Within the ancient precincts of the university the first encounter between the
conference planner and the academic is accidental and unpromising. Just as well
there’s no reason for them ever to meet again.
It
looks like the beginning of every trite and predictable chicklit romance. “My
god, Jane, with your glasses you look quite intelligent.” “And you, Theo, once
you’ve had a style makeover, could be the man of my dreams.” But I have “met”

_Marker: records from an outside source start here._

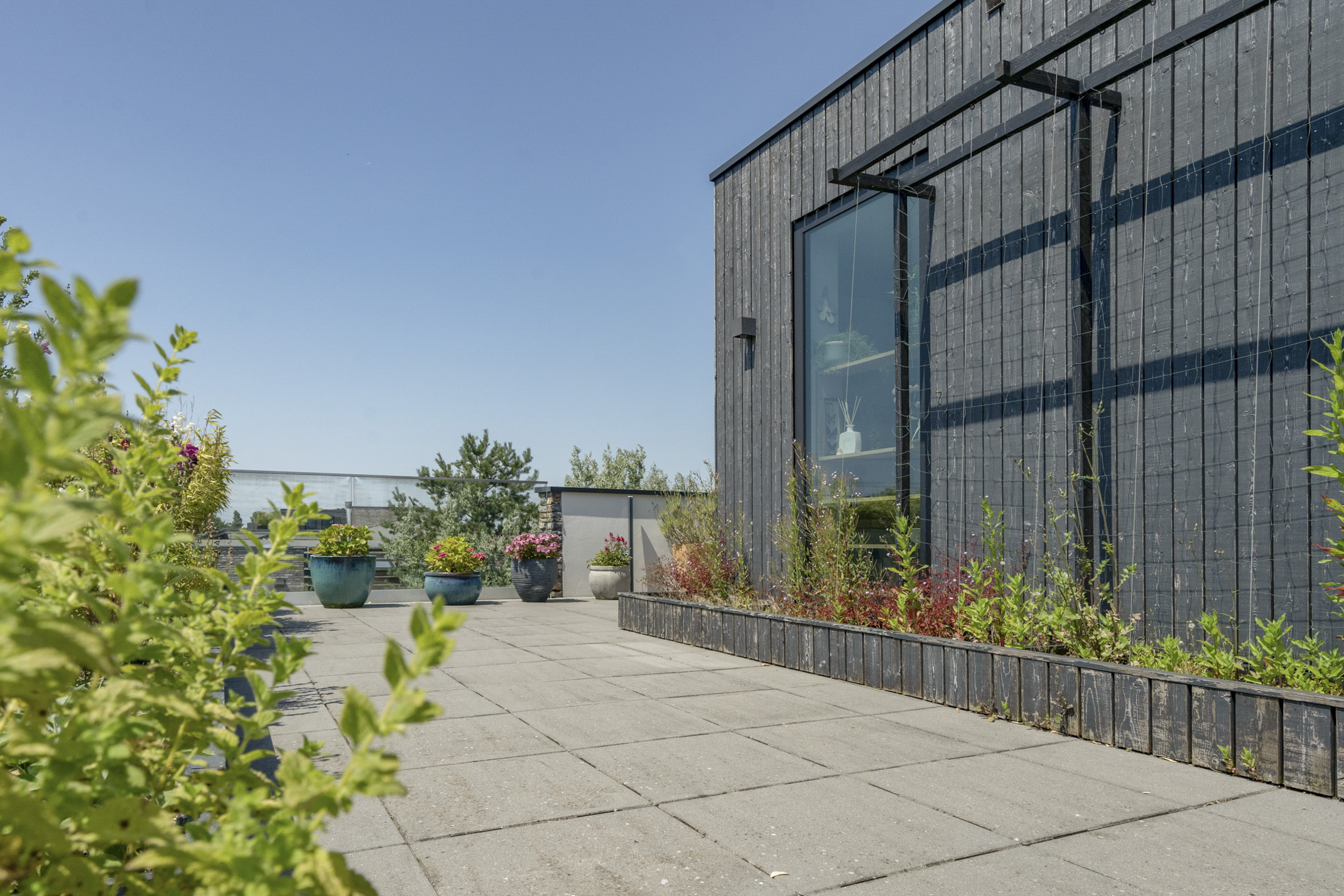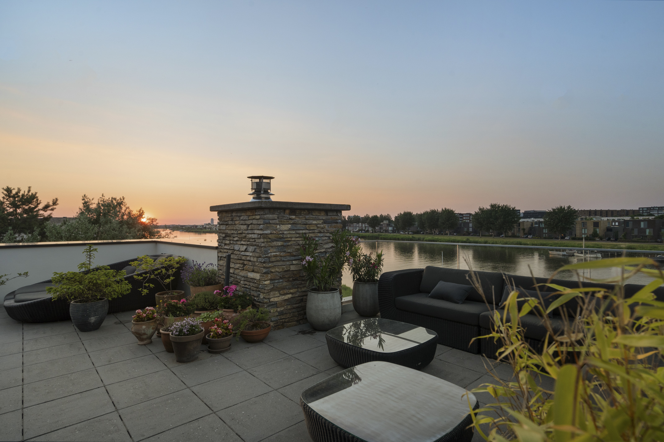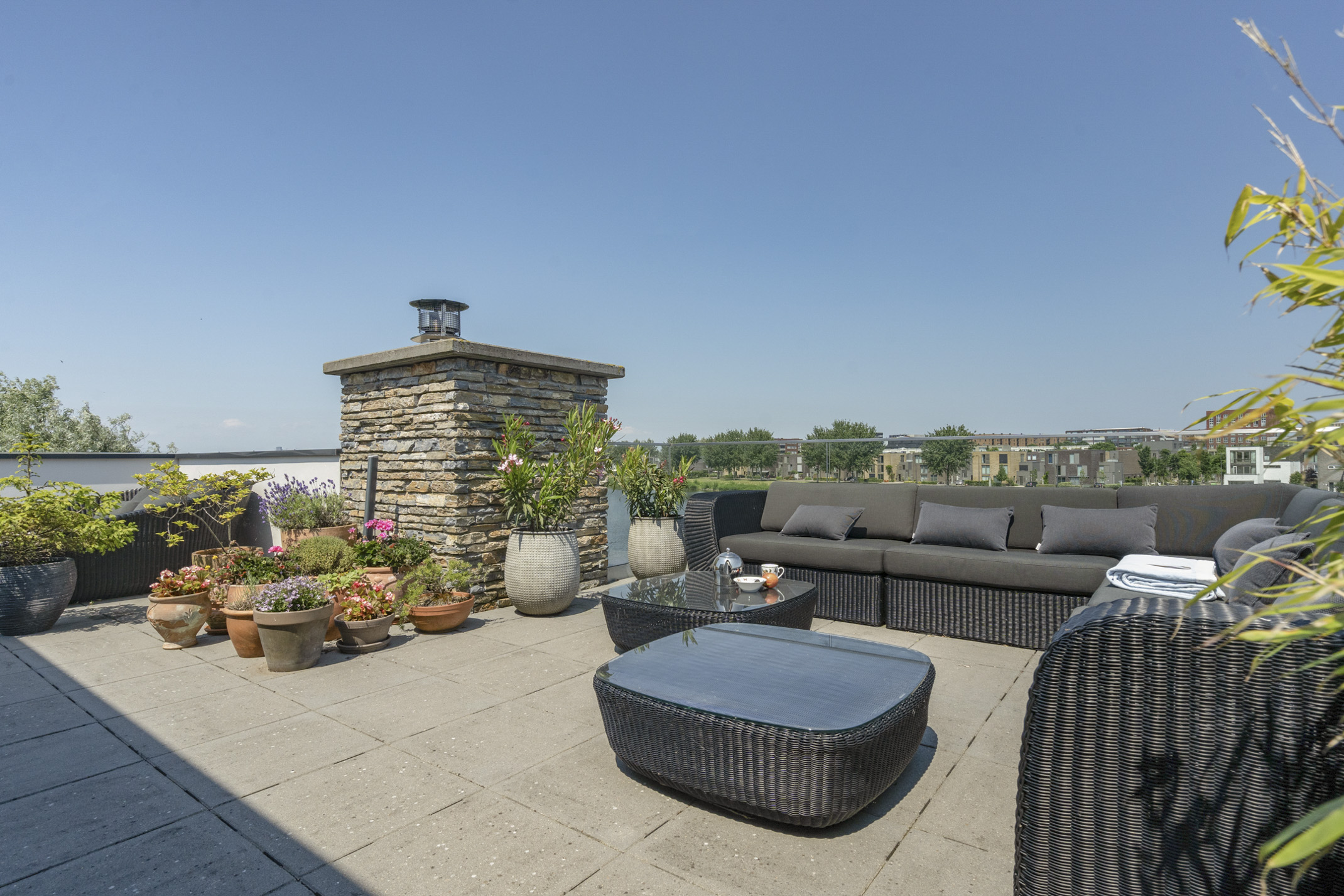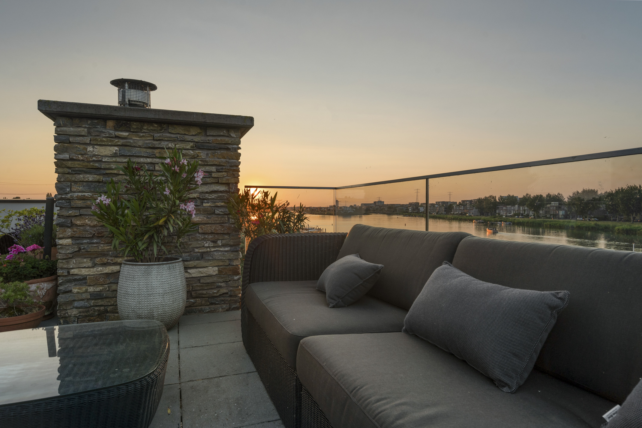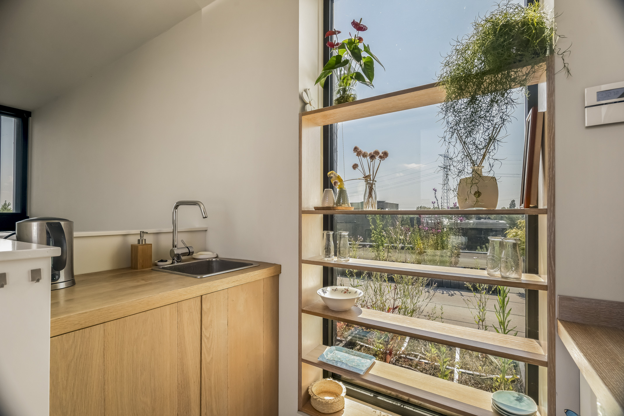 De tweede etage biedt toegang tot het zonnige dakterras met ongeëvenaarde privacy. Op de overloop is een kitchenette geplaatst met een koelkast en gootsteen.
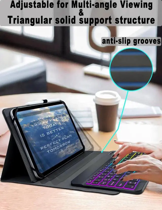 XCHYTECHER Universal Tablet Keyboard Case for 9.7", 10.1", 10.2", 10.5", 10.9", 11" Tablets, 7 Color Rainbow Backlit Removable Keypad with Pen Holder for Android 10.1 inch Tablet (Black)
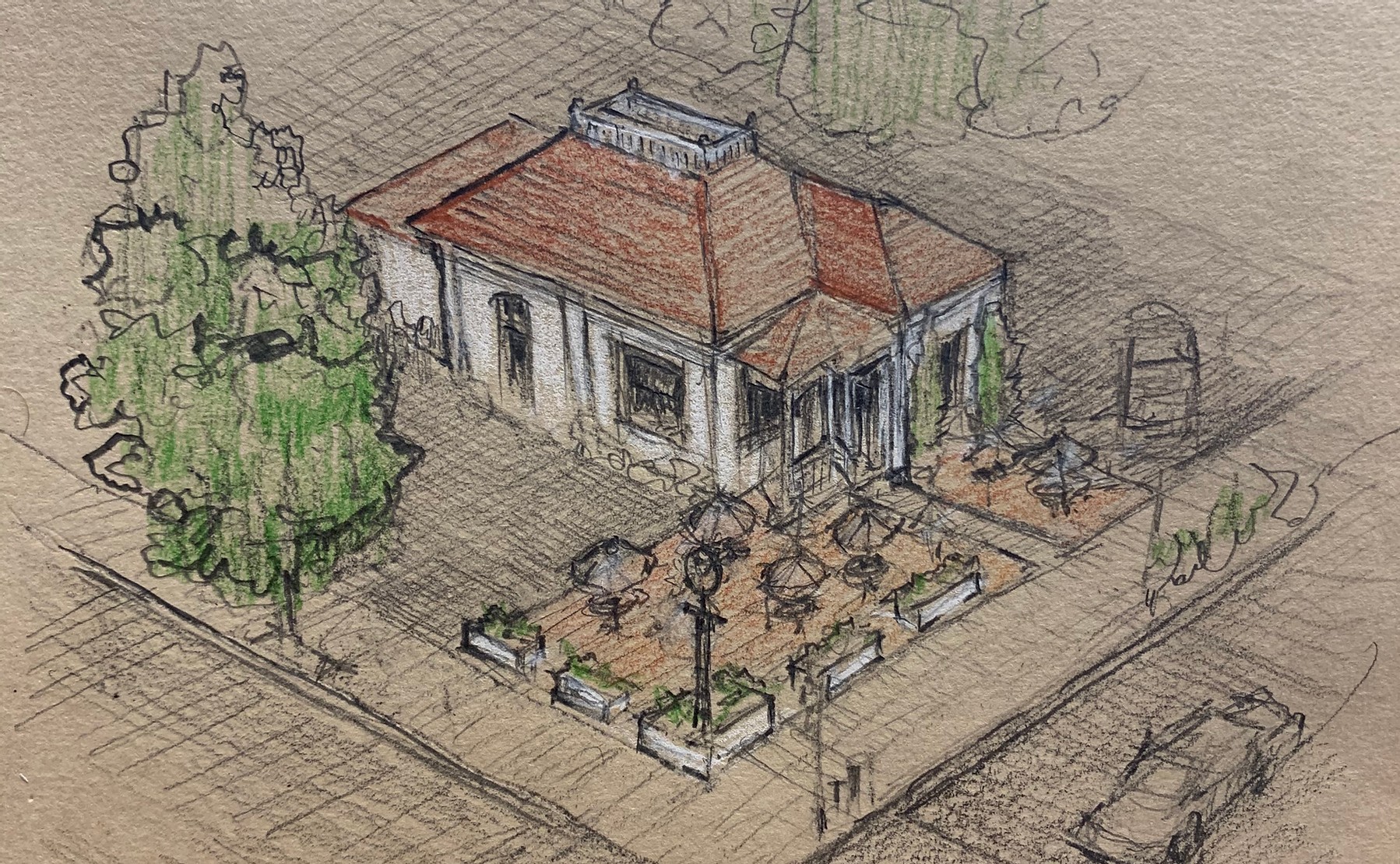 ••• The Santa Barbara Trust for Historic Preservation described its plan to spruce up the 1896 Moullet House at Santa Barbara Street and E. Canon Perdido (currently home to Panino): “We plan to reduce the amount of asphalt, expand the brick patio to restore the appearance of a front entry to this Victorian home, add above ground planters as vehicle barriers to expand outdoor dining, and restore a vintage planter and light fixture at the corner.” The organization needs $8,664 to reach its $10,000 goal; donate here. (Drawing by Anthony Grumbine.)
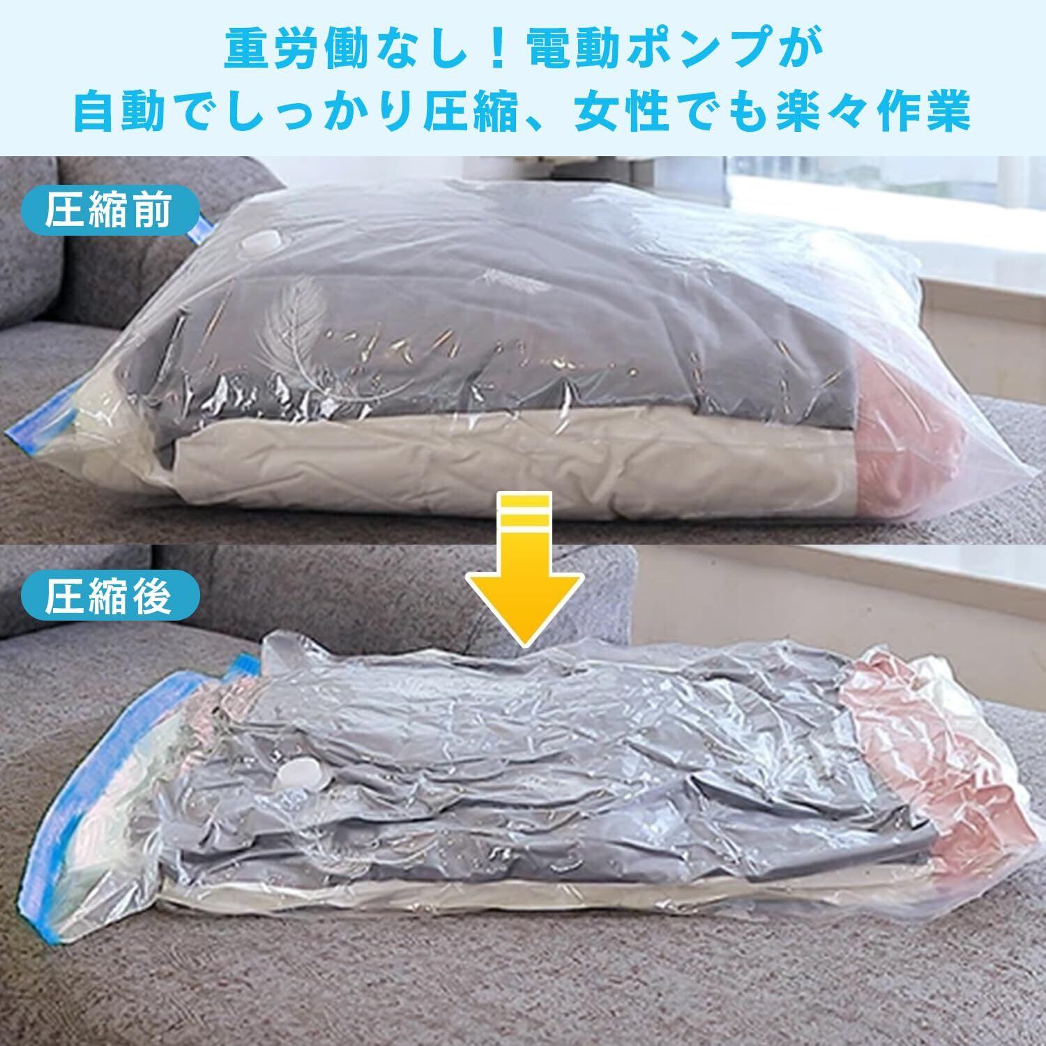 布団圧縮袋【電動ポンプ付き】【7枚セット・1*S/ 2*M/ 2*L/ 2*XL】 掃除機不要 旅行用 衣類 毛布 洋服 ふとん 特大サイズ 省スペース 高密封性 防湿 防塵 防臭 防カビ ダニ対策 収納/引越し/衣替え/旅行/出張ふとん圧縮袋 1*S(40×60cm)/2*M(60×80cm)/2*L(80×100cm)/2*XL(100×120cm)
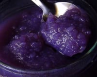 Une version de confiture de pommes de terre d'un pourpre profond donnant la réelle envie d'y plonger la petite cuillère, tout simplement vanillée, elle est délicieuse, à décliner comme bon vous semble, dans vos yaourt, en glace ou dans un gâteau laissez parler votre créativité !
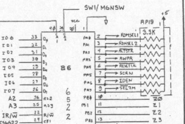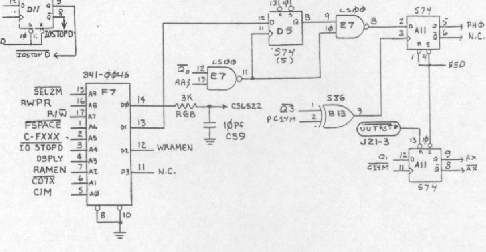 It is my understanding that the Apple III will operate at a clock speed of 2 Mhz when accessing some address ranges and 1 Mhz for others, so I worry that my 680 ohm pulldown solution may not work at the faster clock speed. I looked over the schematic for a way to force the motherboard to run full-time at 1 Mhz.
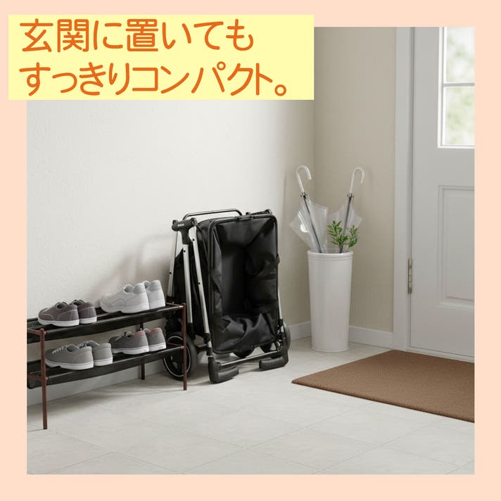 コンパクトなサイズで自立するので玄関のスペースを取らずにすっきり収納。

Gilli Allan online and I know how much she puts into her books which she
prefers to think of as “contemporary women’s fiction” rather than Romance. So I
snuck a copy onto my Kindle and decided to find out just how bad it could be.
And
the answer is: not bad at all. In fact, it’s rather good. Her characters are
properly realised with back-stories that are entirely credible and rather sad,
but both Theo and Jane are trying to move on with their lives and overcome
their emotional issues. They are active and engaging agents in their own lives,
rather than the creations of a writer who knows that the path of true love can
never run smooth until the lovers have overcome one or two largely imaginary
obstacles to their happiness. In fact, neither Jane nor Theo is “looking for
love”. Indeed, both are actively fending off unwanted suitors while
concentrating on making successes of other aspects of their lives.
Jane
is starting her own business as a conference organiser and Theo is trying to
climb the academic ladder as an archaeologist. Gilli Allan knows a lot about
both conference organising and archaeology and the details of the lives of the
two protagonists are interesting and convincing.
As
their work means that they begin to run into each other more and more often
(she is organising a conference at the Cambridge college he is working at) so
an unlikely friendship forms. Will it blossom into love, or will one of the
various other potential romantic partners derail the affair before it has even
started?
Gilli
is a member of the Romantic Novelists Association, so a happy ending is
more-or-less guaranteed. (One of the reasons I generally dislike Romantic
Fiction is because most readers and writers consider that a happy ending is
required.) Even so, I was not sure things were going to work out. The
characters are complex, the back-stories elaborate. The story is told in the
present tense, an affectation that usually annoys me but which works here
because it delineates the main story from the quantities of back-story (past
tense) that could otherwise get very confusing. There’s also quite a lot of
plot. Actually, there are so many sub-plots I began to lose count, though I was
never confused. All the characters, even the most minor, are clearly drawn so
that even I couldn’t muddle them up. And Gilli keeps the plots so interesting.
One rather important one centres on some sharp practice in a town planning
department and the provision that should or shouldn’t be made for an
archaeological survey before a supermarket is built. I’ve sat in on the odd
local government planning controversy and it takes real skill to make them
remotely interesting, but Gilli Allan does.
I’ve
found this a difficult book to review because there is so much good stuff in
it, but it seems to be scattered all over the place. It is a measure of the
author’s skill that she manages to pull so many disparate strands together into
a highly readable and wholly enjoyable book.
I do
strongly recommend this, even if you hate Romantic Fiction."
Thank you Tom. I am indebted to you for this review.